消費者被害の予防と救済に対する国の施策を求める決議

本文

消費者問題は国民すべてに関わる問題であり、わが国社会が解決を迫られている最重要課題の1つである。


1960年代からの経済拡大政策がとられる中で、わが国では、薬品や食品、あるいは消費生活用品の欠陥による被害、不実表示・ヤミカルテル等による不公正取引被害、現物まがい商法・霊感商法等に代表される様々な欺瞞取引被害、また、クレジット・サラ金被害等深刻かつ多様な消費者被害が多発した。これらの被害を生み出す社会経済体制は改善されず、姿を変えつつ、今日なお被害は多発し、救済の実現も極めて困難な実情にある。


われわれはこれまでの被害救済の経験から、基本的人権としての消費者の権利は未だ確立されておらず、わが国の立法・行政・司法における消費者保護の諸施策は諸外国と比して極めて不十分であると考える。


ここにわれわれは、「消費者は、その消費生活のすべての場面で、安全および公正を求める権利が保障されるとともに、その実現に参加する権利を有する」ことを確認し、その権利の実現のため、国に対してすみやかに次の施策を講ずるよう求めるものである。


  1. 消費者が事業者と対等の地位を回復するため、(1)安全かつ公正な取引の確保に関する規定、(2)被害の予防および迅速な救済をはかるための規定、並びに、(3)これらの施策の策定および実現に消費者が参加する権利を保障する諸規定を中核とする消費者法を制定すること。
  2. 従来の縦割り行政、後追い行政の弊害を除去し、消費者の立場に立った総合的統一的な消費者行政を推進するため、消費者庁を設置すること。
  3. 簡易迅速な被害救済・立証負担の公平をはかるなどの消費者に開かれた裁判制度を導入すること。

われわれは、右制度の実現に努力し、今後一層消費者被害の予防と救済のため尽力するものである。


右決議する。


平成元年(1989年)9月16日
日本弁護士連合会


理由

1. 消費者とは、国民の別名と言ってさしつかえなく、国民経済における最大の集団である。
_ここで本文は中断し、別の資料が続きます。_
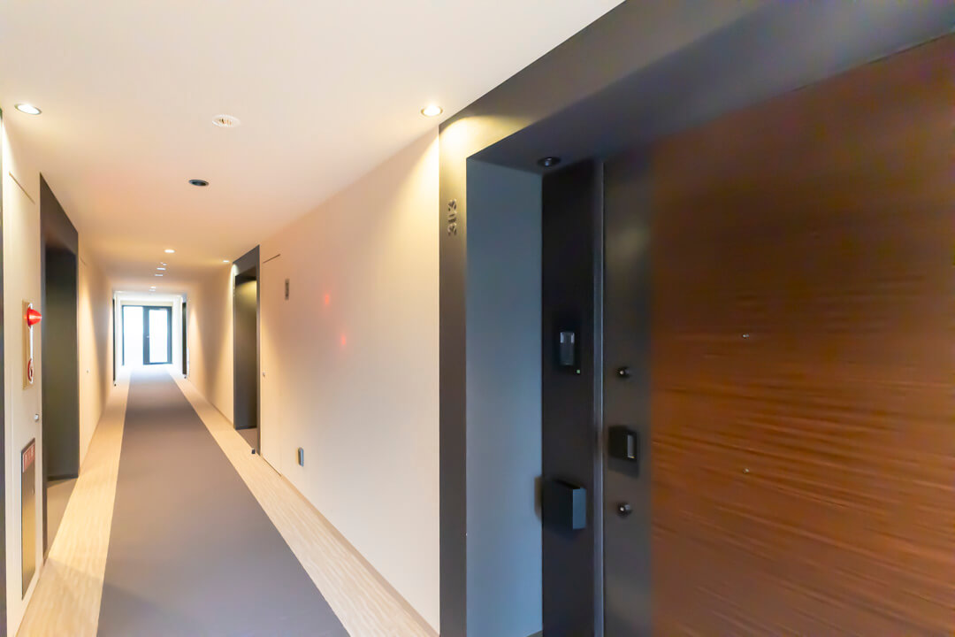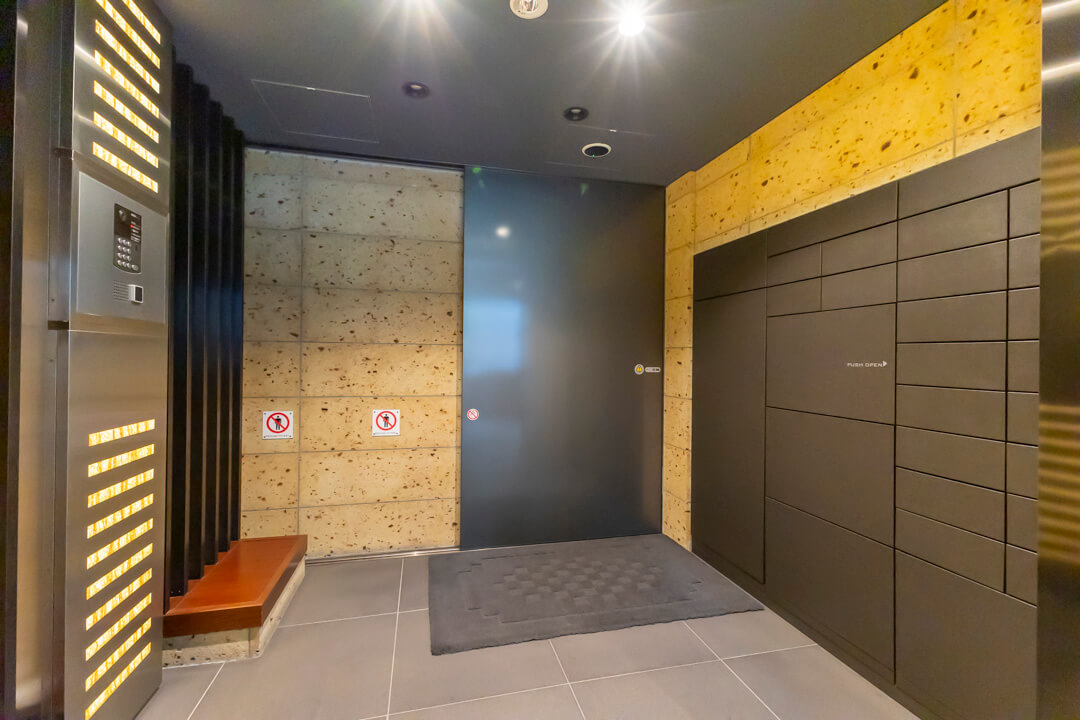 2015年(平成27年)3月竣工、地下1階付3階建の低層レジデンス。鉄筋コンクリート造、総戸数は16戸です。アースカラーを基調としたタイル貼りの外観が、落ち着いた街並みに調和しています。エントランスは階段を上った先にあり、安心のダブルオートロック体制。ロビーにはソファがあり、待ち合わせやちょっとした来客対応に便利です。不在時に重宝する宅配ボックスも完備されていますよ。敷地内には駐車場と駐輪場があり、お出かけの幅が広がりそう。空き状況は変動するのでお問い合わせください。細則はありますが、ペットの飼育も可能です。

しかしながら、消費者集団は国民経済において効果的に組織されておらず、しばしばその見解が無視されてきた。戦後40数年、わが国がひたすら産業優先、経済至上主義の道を歩み続ける中で、消費者の利益は産業育成省庁によって、その政策を実施してゆくに必要な限度で付随的に保護されてきたにすぎない。その結果、今日わが国の消費者は、安全かつ公正な消費生活が十分確保されているとは到底言えない実情にある。
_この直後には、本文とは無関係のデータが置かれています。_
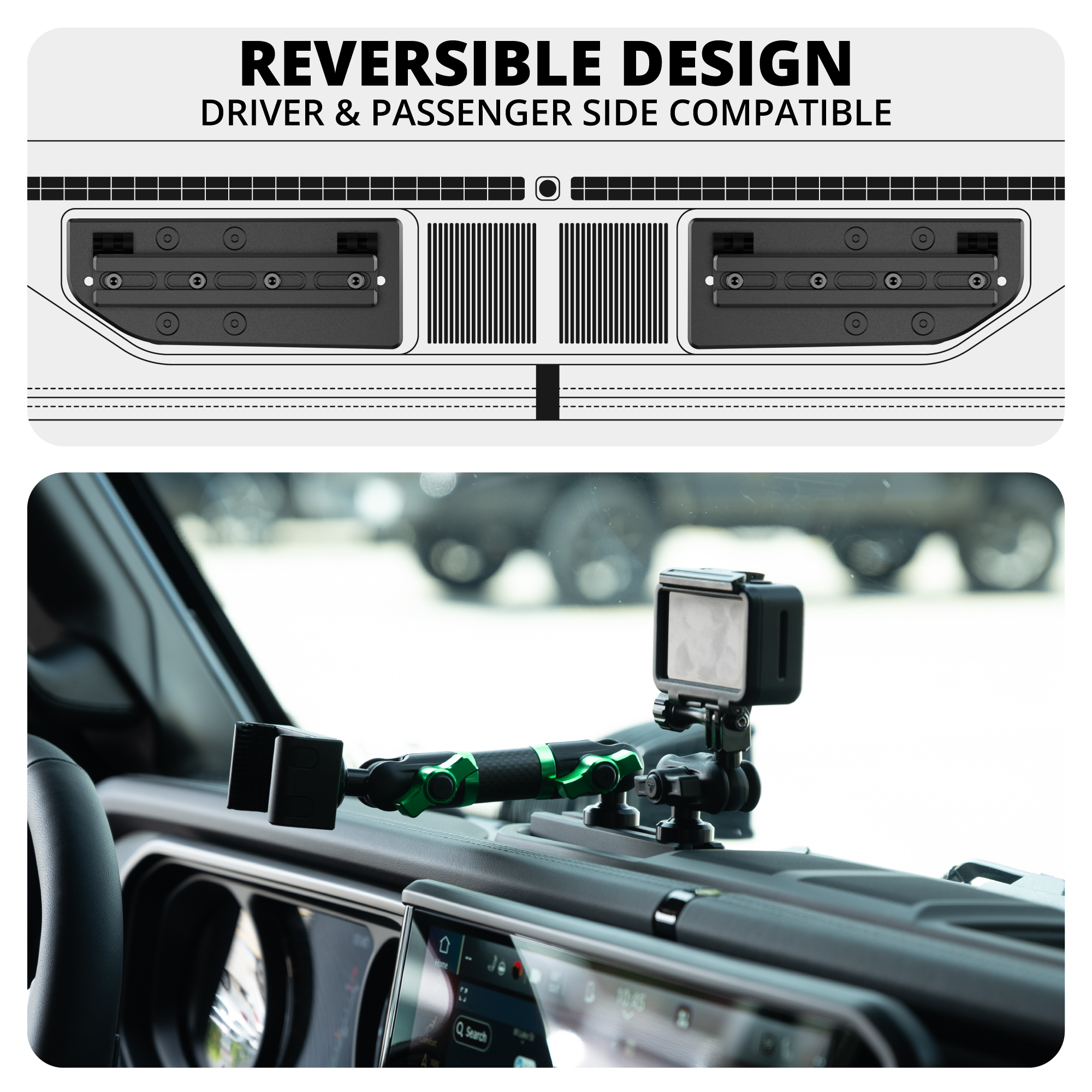 The reversible design allows for installation in either the driver or passenger side dash tray slot, giving you the freedom to configure your setup exactly how you want it. Whether you're daily driving, heading out on a weekend adventure, or building a fully outfitted rig, this flexibility ensures your phone, GPS, or comms gear is always within easy reach.

2. これまでの消費者被害の態様は実に多岐にわたるが、欠陥商品・取引および消費者信用をめぐる被害に分けて概観すれば以下のとおりである。


(1) 商品の欠陥(安全性)をめぐる被害


1960年代当初からの高度成長政策はわが国に深刻な公害や消費者被害をもたらした。あらゆる商品の大量生産、大量販売、大量消費が追求される中で安全性は軽視され、森永砒素ミルク中毒、サリドマイド、スモン、カネミ油症事件等、食品、医薬品等による深刻、激甚な人体被害を発生させてきた。これらの悲惨な事件では、その悲惨さ故に被害者自らが救済を求めて立ち上がり、弁護士たちも献身的な救済活動を行って被害者を支えてきた。これらのうち、スモン等の事件にあっては目覚ましい司法救済をもたらしたが、無過失製造物責任法制を欠く現行法制の制約の中で、カネミ油症事件のように十分に被害回復を求め得なかったものも少なくない。
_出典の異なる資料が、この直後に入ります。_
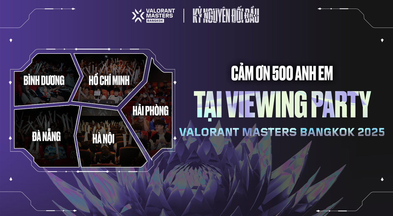 Cộng đồng VALORANT Việt Nam vừa trải qua một ngày hội bùng nổ khi VNGGames tổ chức Viewing Party Chung kết Masters Bangkok, thu hút gần 1000 người hâm mộ cuồng nhiệt. Sự kiện diễn ra đồng loạt tại CGV Cinemas trên toàn quốc, mang đến những trải nghiệm thể thao điện tử đỉnh cao, không thua kém gì bầu không khí sôi động tại Bangkok! Đặc biệt, không khí tại Hà Nội và TP.HCM đã thực sự "nóng" hơn bao giờ hết khi vé "bay" sạch chỉ sau 11 giờ mở bán! Chi tiết như sau: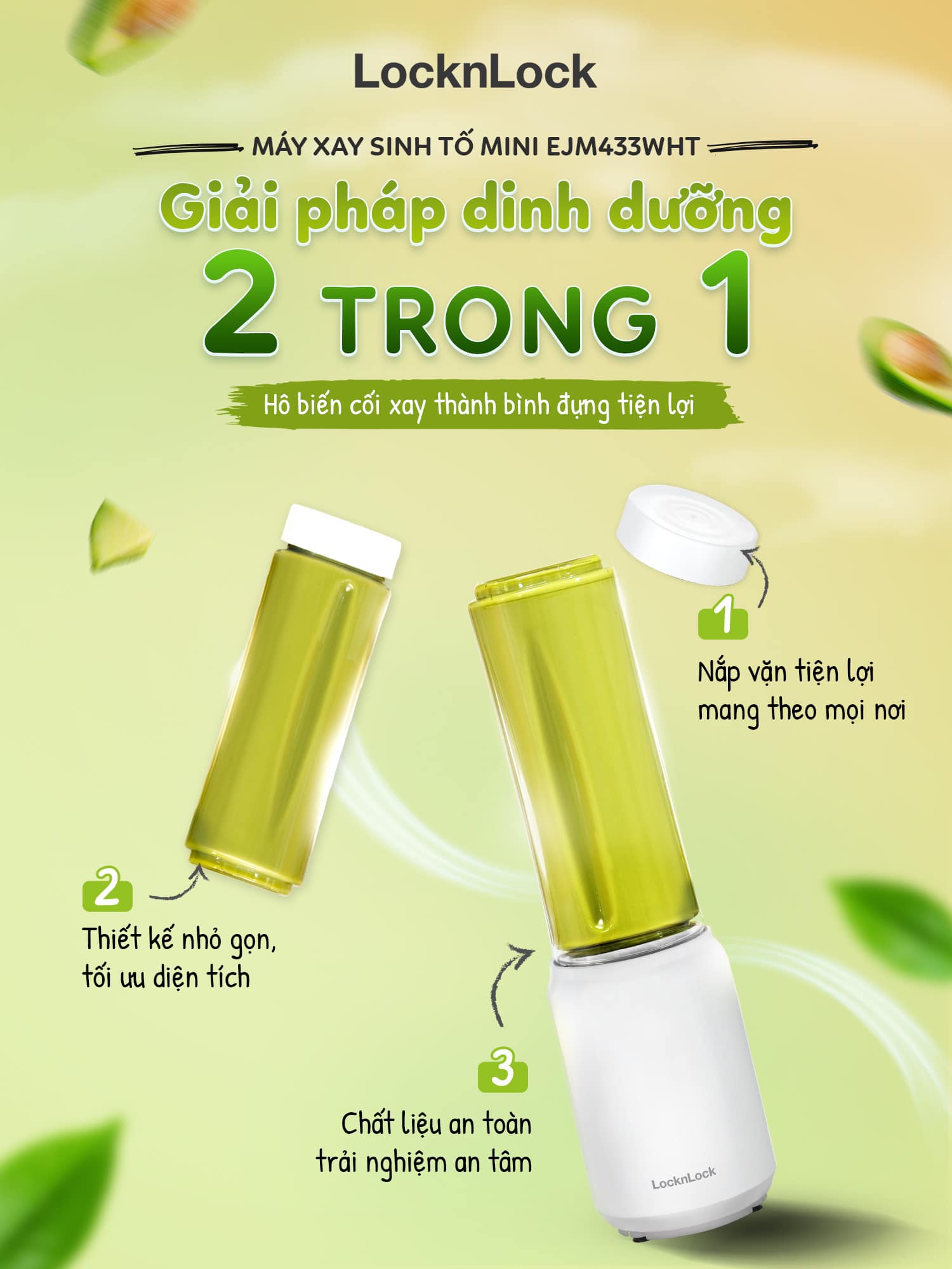 Máy Xay Sinh Tố Mini Blender LocknLock EJM433WHT 150W 280ml, Hàng Chính Hãng, Nhỏ Gọn - JoyMall

今日、サリドマイドやスモン等の薬品公害の経験にも拘らず、医薬品の副作用による健康被害は根絶されておらず、欠陥自動車、電気製品、石油ファンヒーターやベビーベッド、家庭用洗剤等身近な一般家庭生活用品による死亡事故や健康被害も無視し得ない数で発生しており、一方で消費者がその被害救済を求めて立ち上がろうにも、前述のとおり無過失責任法制を欠く現行法の下では立証責任の負担が重く、ほとんど救済されていないのが現状である。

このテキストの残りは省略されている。